Otro asunto del que debería aprender, especialmente el periodismo al servicio de los poderosos es que, una cosa es mentir y prometer cuando uno es oposición, cuya mayor exponente fue el debate presidencial del 2015 y la campaña realizada por Macri que prometió cuestiones que de ninguna manera estaba dispuesto a cumplir.

Otra muy distinta es mentir siendo gobierno y tratando de convencer a la población que está bien cuando el hambre, la pobreza y la desocupación golpea los hogares de millones de argentinos, aunque los medios nos quieran convencer que, se pueden alquilar juguetes, comer tierra o que es divertido revolver en la basura.

Si algo ha dejado estas elecciones al descubierto es el accionar de tremendos chantas sobre los que se había creado un halo de invencibilidad y genialidad, que con el manejo de las redes, la Big Data y las noticias falsas podían imponer cualquier candidato sin importar la realidad que debían padecer los sacrificados votantes.

Pero si hubo una hazaña que debe ser resaltada fue la campaña electoral realizada por Axel Kicillof, quien a los pocos días de la derrota del 2015 ya estaba convocando a los vecinos a los parques, creo que la primera juntada se realizó en el Parque Centenario de la Ciudad de Buenos Aires, para luego recorrer centenares de pueblos de la provincia de Buenos Aires para tomar contacto directo con las necesidades, reclamos y opiniones de un pueblo que cada día estaba siendo castigado por el macrismo y su expresión en al provincia que era la inmaculada María Eugenia Vidal, que todos los encuestadores, grandes chantas también, nos decían que era invencible.

Axel devolvió la política al lugar del que nunca debería haber salido, el trabajo constante y sincero, sin mentirle al pueblo y con un conocimiento acabado de la realidad que se pretende modificar.
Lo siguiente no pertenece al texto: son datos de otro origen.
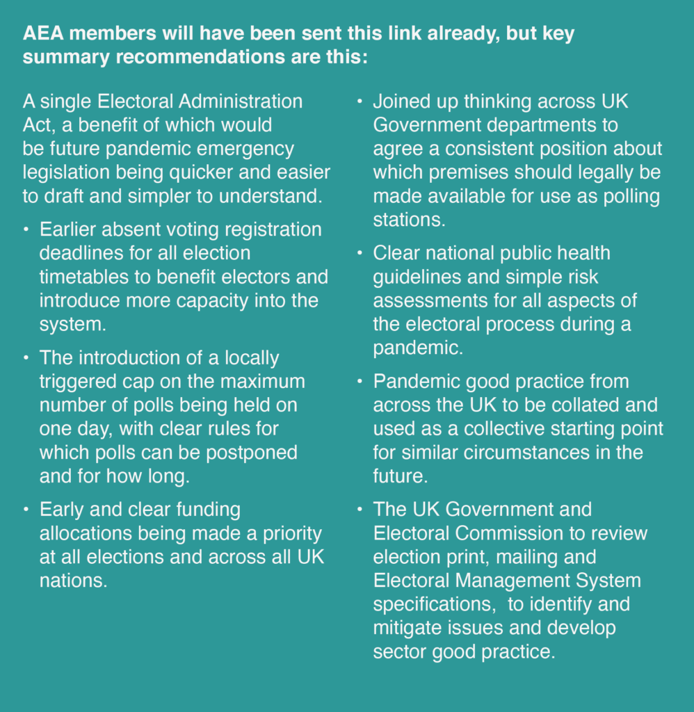 The AEA (Association of Electoral Administrators) has published a 2021 Post Polls Review, highlighting the difficulties of the May 6th election, its complexity and how Covid affected the Polls.
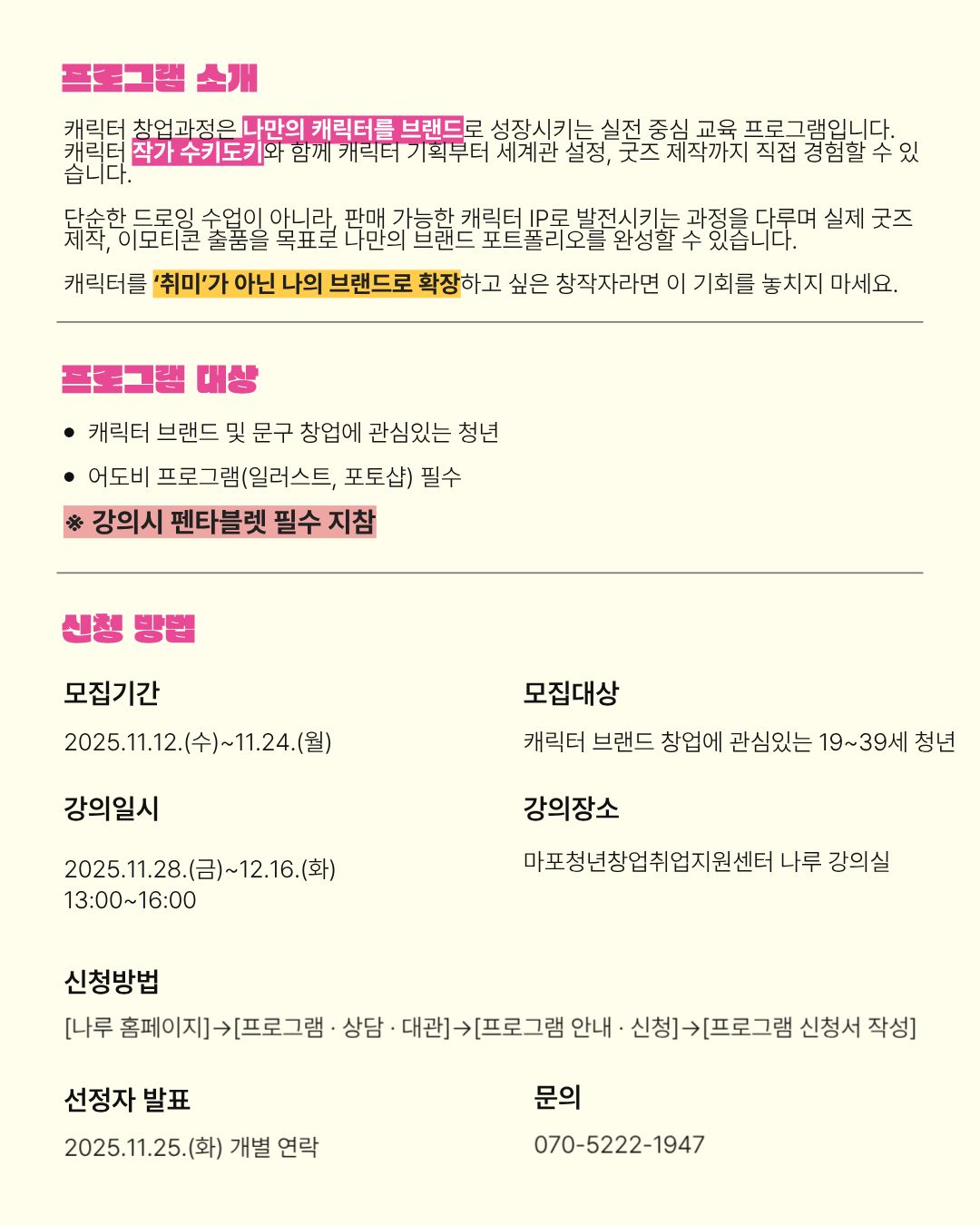 캐릭터를 ‘취미’가 아닌 나의 브랜드로 확장하고 싶은 창작자라면 이 기회를 놓치지 마세요!

Contrariamente a lo que dicen los exponentes de la antipolítica, Kicillof nos mostró que la política no es un lugar para vagos y requiere de un sacrificio y una dedicación que en su caso fue ejemplar.

El triunfo de Alberto Fernández nos devuelve las esperanzas a los argentinos que en su inmensa mayoría venimos siendo castigados por un gobierno que ha tenido hasta rasgos de crueldad cuando atacó a los sectores más débiles como los jubilados o los discapacitados.

El pueblo volvió a triunfar, esperemos que esta vez los logros puedan ser irreversibles.